CONNECTED TRANSACTIONS
EXCHANGE OF LANDS
On 9 February 2009, the HL Subsidiaries and Regent Star entered into the Deeds of Exchange
pursuant to which the parties thereto exchanged shares in their respective interests in Lands I and
Lands II to the effect that Lands I and Lands II be vested in the HL Subsidiaries and Regent Star as
tenants in common in the proportion of 68% and 32% respectively.

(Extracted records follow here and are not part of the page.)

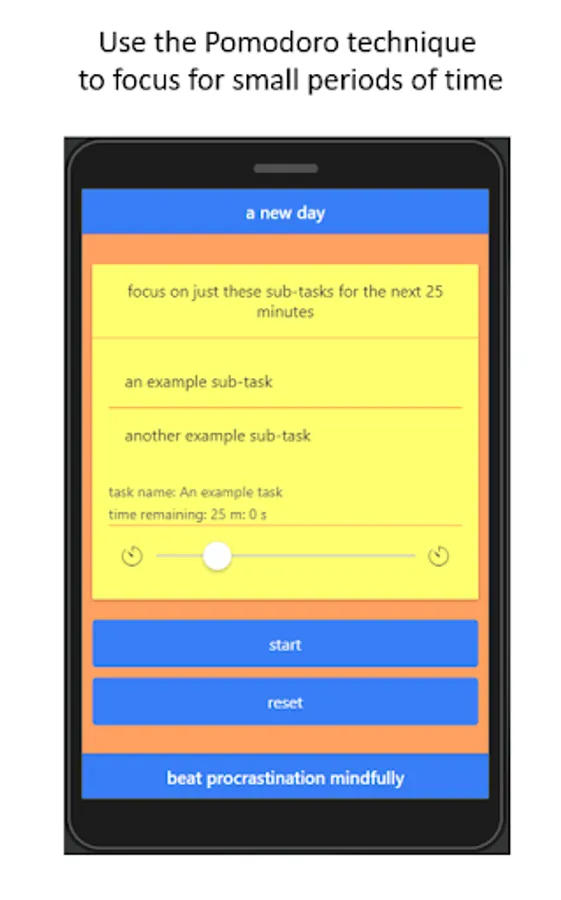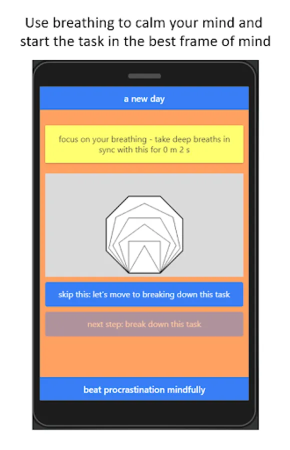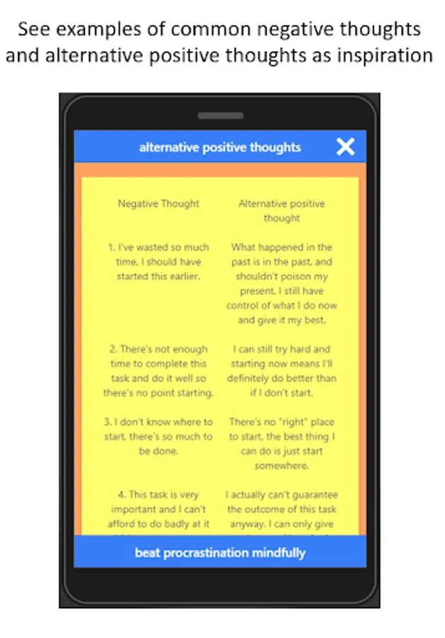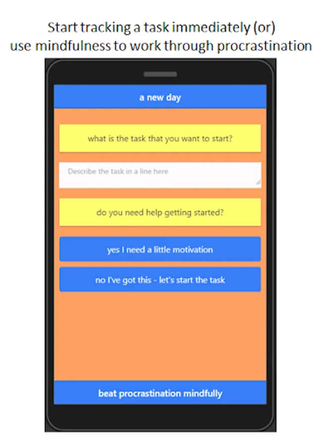 One of the underlying causes of procrastination are the negative emotions associated with the task. This app uses mindfulness and cognitive behavioral techniques to tackle procrastination at its root by identifying and consciously changing the negative thoughts associated with this task. Secondly procrastination is almost always related to starting a task, once started most of us can continue working without issue.
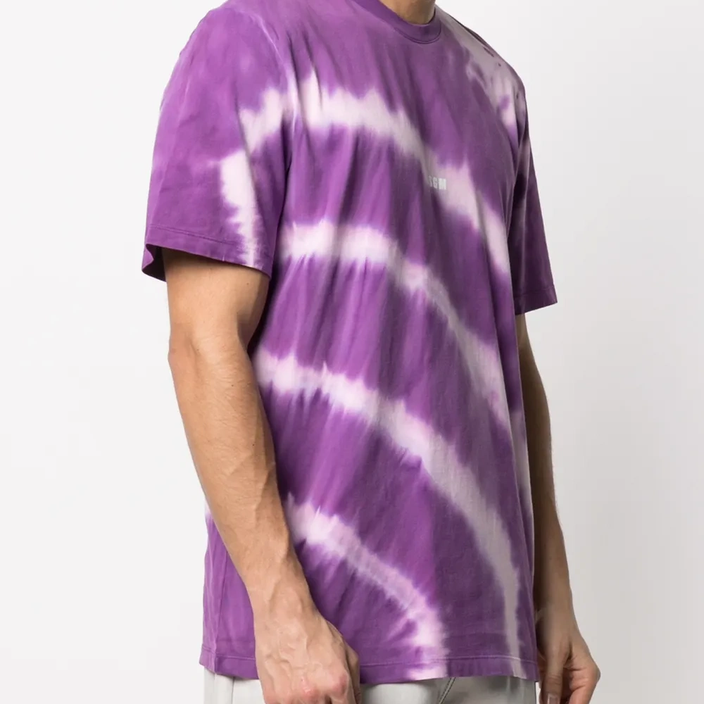 Принт тай-дай, принт с логотипом на груди, круглый вырез, короткие рукава и прямой подол. Цвет: фиолетовый.
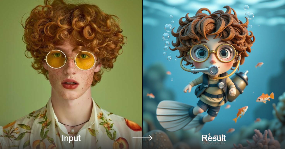 قم بتحويل صورك الحديثة بسهولة إلى مشاهد كرتونية تحت الماء ساحرة باستخدام a1.art. اغمر نفسك في الإبداع بكل يسر.

Regent Star is a wholly-owned subsidiary of NWD, a substantial shareholder of certain subsidiaries
of the Company. As such, Regent Star is a connected person of the Company under the Listing
Rules and the transactions contemplated under the Deeds of Exchange constitute connected
transactions of the Company under the Listing Rules. As one or more of the applicable percentage
ratios in respect of the transactions contemplated under the Deeds of Exchange in aggregate exceed
0.1% but are all less than 2.5%, such transactions are only subject to the reporting and
announcement requirements but are exempt from the independent shareholders’ approval
requirements under Chapter 14A of the Listing Rules.
THE DEEDS OF EXCHANGE
Date
9 February 2009
Parties
(1) Harvest Development
(2) Carley
(3) Perfect Success
(4) Onfine Development
(5) Rich Silver
(6) Regent Star
1
Harvest Development, Carley, Perfect Success, Onfine Development and Rich Silver are
subsidiaries of the Company.
Terms of the Deeds of Exchange
Under the terms and conditions of the First Deed of Exchange, the HL Subsidiaries and Regent Star
exchanged shares in their respective interests in Lands I to the effect that Lands I be vested in the
HL Subsidiaries and Regent Star as tenants in common in the proportion of 68% and 32%
respectively.
Under the terms and conditions of the Second Deed of Exchange, the HL Subsidiaries and Regent
Star exchanged shares in their respective interests in Lands II to the effect that Lands II be vested in
the HL Subsidiaries and Regent Star as tenants in common in the proportion of 68% and 32%
respectively.
Consideration
Pursuant to the Deeds of Exchange, the HL Subsidiaries acquired 68% in the NW Portion in
consideration of the disposal of their 32% interest in the HL Portion to Regent Star. There is no
equality money paid by either party to the Deeds of Exchange.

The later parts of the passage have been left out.